The New York-based experimental quartet While We still Have Bodies - trombonist Ben Gerstein, double bass player Sean Ali, sax player Michael Foster, and percussionist Flin van Hemmen, planned to record their debut album on the summer of 2017, but then was contacted by Chinese media-artist Cheng Ran. Ran asked the quartet to record music for his multi-video installation exhibition “Diary of a Madman” at the New Museum in New York. This exhibition borrowed its title from what is widely considered China’s first modern short story, written by Lu Xun in 1918. Just as Lu Xun’s story, the Ran’s exhibition comprised first-person narratives of a character at the margins of society who gradually turns mad.
Ran’s offer turned out to be an inspiring one. While We still Have Bodies has operated since its foundation in 2014 as a sonic lab that explores intuitive, sometimes unintelligible textures that challenged the musicians methods, routines, and perceptions. The quartet focused on experimenting with sounds that transcended the individual musical personalities, blending and contrasting sonic textures, long and immersive musical forms, and an integration of pre-recorded media (cassettes, radio, mp3 players, cellular phone) into acoustic textures.
The music for Ran’s exhibition was spatialized over twelve speakers that were spread throughout the gallery, providing an ambient soundtrack to the several separate but interconnected story-lines of Ran’s video-films. On the recording, each instrument has a left and right channel, thereby creating spaciousness and intensifying the overall feeling of losing your way and total confusion.
While We still Have Bodies prepared a single, extended improvisation, imbued with an enigmatic, ritualistic motives. The musicians act, all over the place, more often than play - in any conventional sense of playing, re-contextualizing their instruments and their timbral affinities, and their role as improvisers in the theme of the exhibition, as can be seen in the attached video. The arresting, yet very demanding outcome is a nuanced but totally spontaneous process of constructing and deconstruction of sounds. A non-judgemental process of integrating sounds into a bigger, deeper whole. All sounds - sparse, fractured, cryptic and more intelligible ones, noisy, acoustic, of low-fi electronics and of found objects.
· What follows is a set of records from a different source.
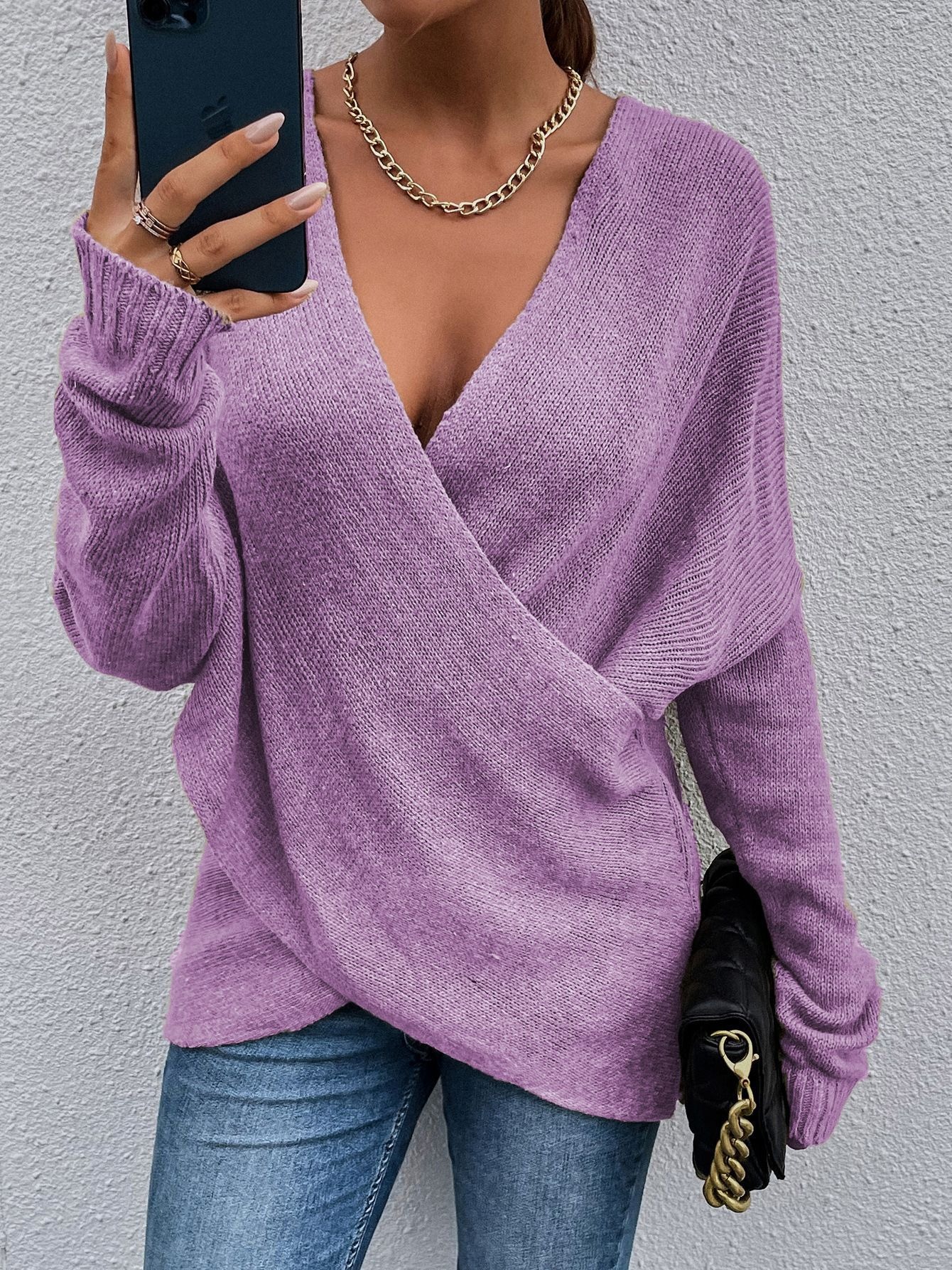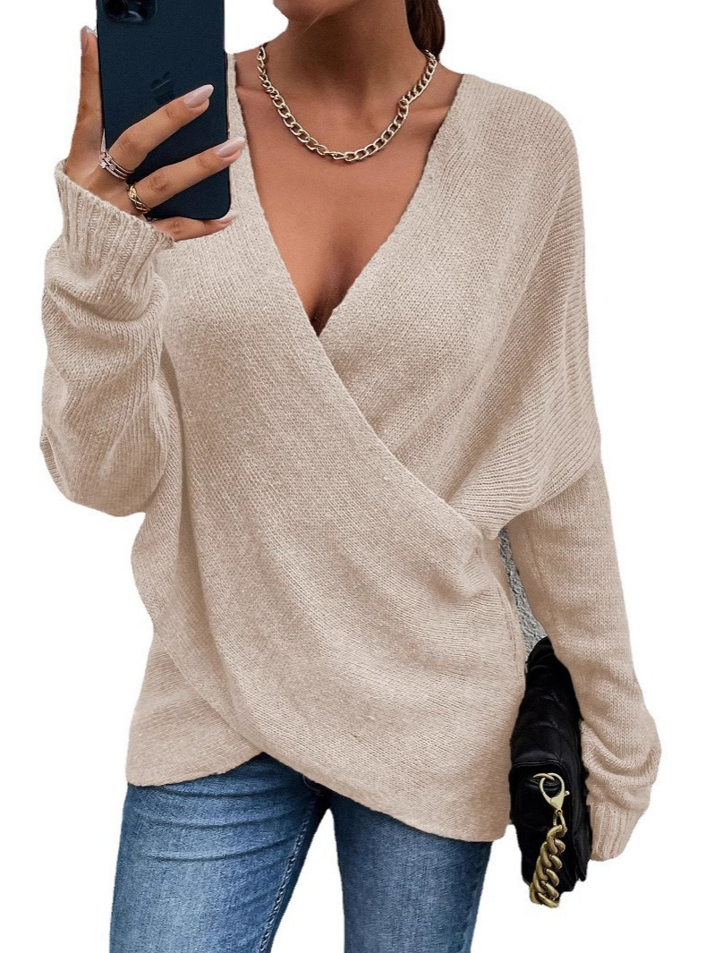 Sweter damski z dzianiny, jesienno-zimowy, z dekoltem w kształcie V i długimi rękawami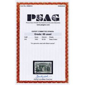 243, Used $3 VF Centering - With PSAG Graded 85 Certificate * Stuart Katz
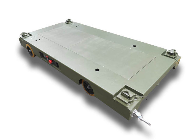 本车设计同时兼备自走牵引两种功能,非自动行走时可牵引拖行;操作简单实用、性能稳定,板面四角设计燕尾式集装箱角件,与上装对接可实现快速装卸,动力源采用电池组配充电器,动力电机采用转向采用液压推杆做转向动力,牵引自走转换系统,配电磁离合器,牵引拖行时电机与车桥分离减,有效减少牵引阻力及电机磨损。按钮遥控器;功能包括启动急停、前进与后退、左右转向。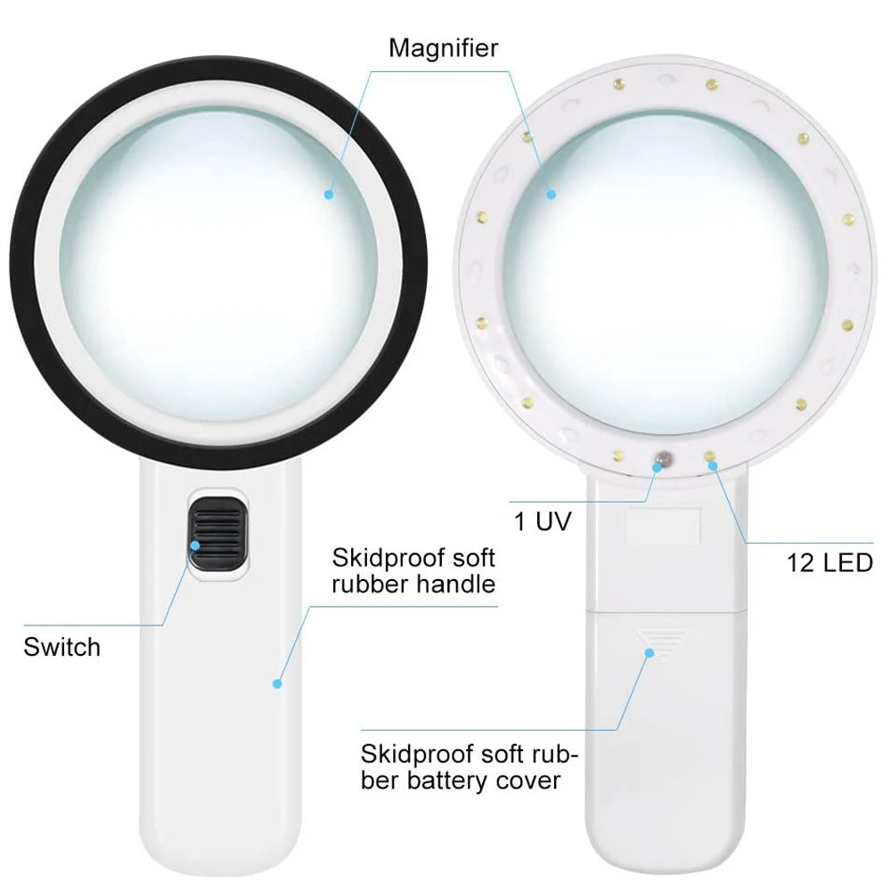 This handheld 30X magnifying glass features a ring of built-in LED lights, offering enhanced brightness and clarity. Whether you're reading a medication label, inspecting a photo, or working on a hobby, this easy-to-hold magnifier is designed with comfort and simplicity in mind.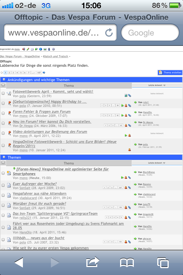 [Foren-News] VespaOnline mit optimierter Seite für Smartphones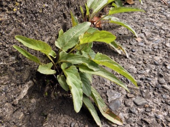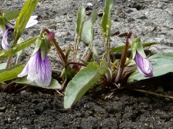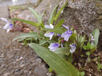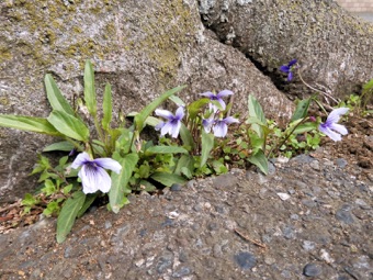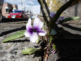 小手指陸橋を挟んで北と南に存在することは人為的な働き?それとも南のGSで給油した車はアツバスミレのタネを車体のどこかにくっつけて蒔いているのか。

And these sounds have an arcane quality and even almost hallucinogenic power. These sounds shatter inhibitions, open doors to new ways of listening, force you to relate to these almost tangible reality and invite you to embrace the unknown. The mysterious, vibrant trances shift organically into rattling, heavy resonating sounds, to tortured collages made of noisy tapes,to atmospheric soundscape and even raw and intense outbursts of muscular free jazz. While We still Have Bodies does not attempt to gravitate this sonic experience into a clear narrative, structure or rhythmic patterns, but this open, all-inclusive attitude does not interfere with the quartet collective and highly impressive senses of interplay and invention.
Warmly recommended.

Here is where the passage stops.